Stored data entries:
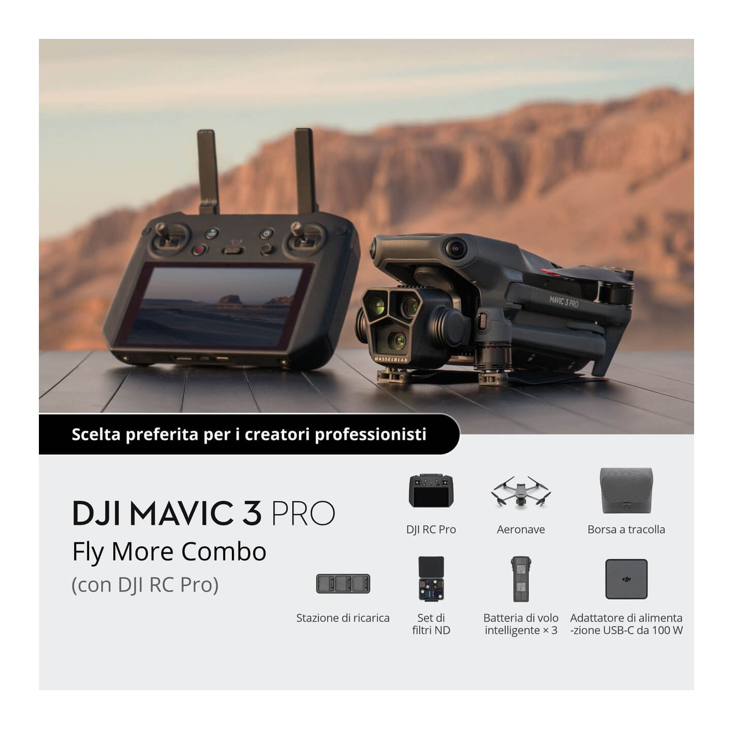 Il sistema a tripla fotocamera di Mavic 3 Pro apre le porte una nuova era per i droni dotati di 3 sensori e obiettivi con lunghezze focali diverse. Dotato di una fotocamera Hasselblad e di doppio teleobiettivo, Mavic 3 Pro apre la strada a nuove prospettive di ripresa, consentendoti di scatenare la tua libertà creativa eseguendo scatti e riprese di scenari affascinanti, esplorando lo storytelling fotografico e realizzando capolavori di livello cinematografico.
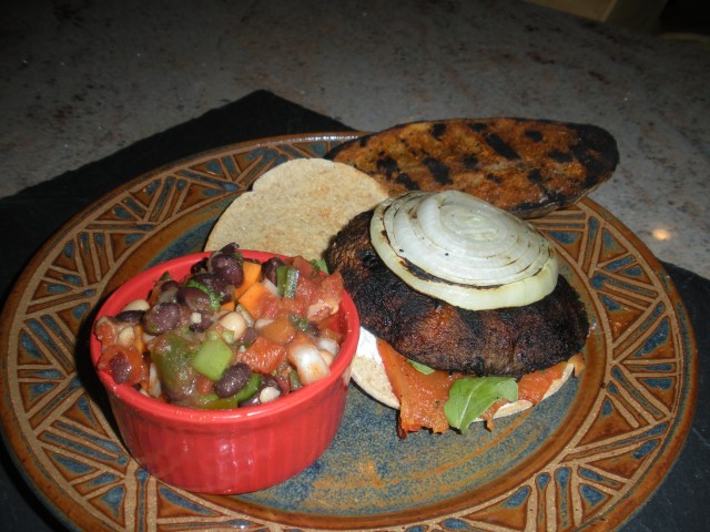 We grilled some portobello mushrooms and served them on a sandwich thin with 1/2 ounce of goat cheese, a slab of grilled onion, roasted red pepper and arugula. I made Texas caviar which is a spicy bean and vegetable salad and we split a grilled baking potato.
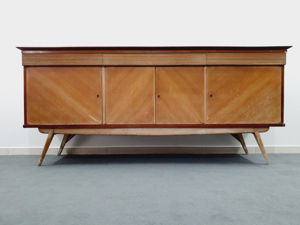 Buffet com tampo e laterais em caviúna e portas em Marfim, com 4 portas e 3 gavetar grandes. Medidas: 205cm comprimento X 49cm largura X 90,5cm altura.
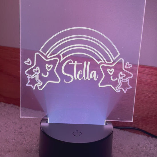 What you receive: Package comes with a clear acrylic engraved sheet, 3D night light LED holder, charging cable, and remote control.
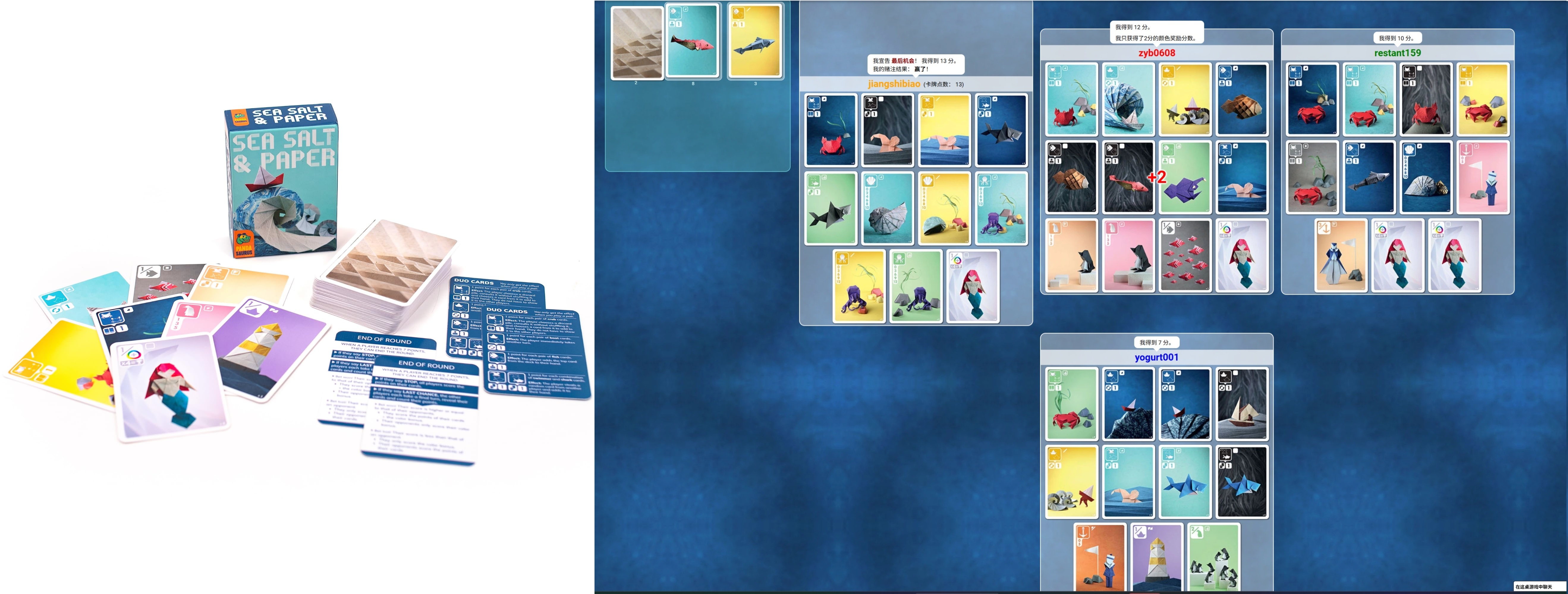 《海盐折纸》以其独特的手绘折纸风格吸引眼球,规则简单、得分结构清晰:玩家通过收集相同颜色或类型的卡牌来组成得分组合,同时要判断何时喊出"最后一轮"来获得额外奖励。这应该是成套收集里最简单的桌游了,重度类似于 faraway,算是《自然和弦》、《森森不息》的推新版。当然和很多桌游一样,二人对弈时博弈性很强(既要构建自己的组合又要干扰对手的计划)而多人游戏时就比较混沌,会出现谁要站出来去卡领先方的问题。

## The task
Each line above should be written out again exactly, and no picture should appear in the copy.

## Response area
 Il sistema a tripla fotocamera di Mavic 3 Pro apre le porte una nuova era per i droni dotati di 3 sensori e obiettivi con lunghezze focali diverse. Dotato di una fotocamera Hasselblad e di doppio teleobiettivo, Mavic 3 Pro apre la strada a nuove prospettive di ripresa, consentendoti di scatenare la tua libertà creativa eseguendo scatti e riprese di scenari affascinanti, esplorando lo storytelling fotografico e realizzando capolavori di livello cinematografico.
 We grilled some portobello mushrooms and served them on a sandwich thin with 1/2 ounce of goat cheese, a slab of grilled onion, roasted red pepper and arugula. I made Texas caviar which is a spicy bean and vegetable salad and we split a grilled baking potato.
 Buffet com tampo e laterais em caviúna e portas em Marfim, com 4 portas e 3 gavetar grandes. Medidas: 205cm comprimento X 49cm largura X 90,5cm altura.
 What you receive: Package comes with a clear acrylic engraved sheet, 3D night light LED holder, charging cable, and remote control.
 《海盐折纸》以其独特的手绘折纸风格吸引眼球,规则简单、得分结构清晰:玩家通过收集相同颜色或类型的卡牌来组成得分组合,同时要判断何时喊出"最后一轮"来获得额外奖励。这应该是成套收集里最简单的桌游了,重度类似于 faraway,算是《自然和弦》、《森森不息》的推新版。当然和很多桌游一样,二人对弈时博弈性很强(既要构建自己的组合又要干扰对手的计划)而多人游戏时就比较混沌,会出现谁要站出来去卡领先方的问题。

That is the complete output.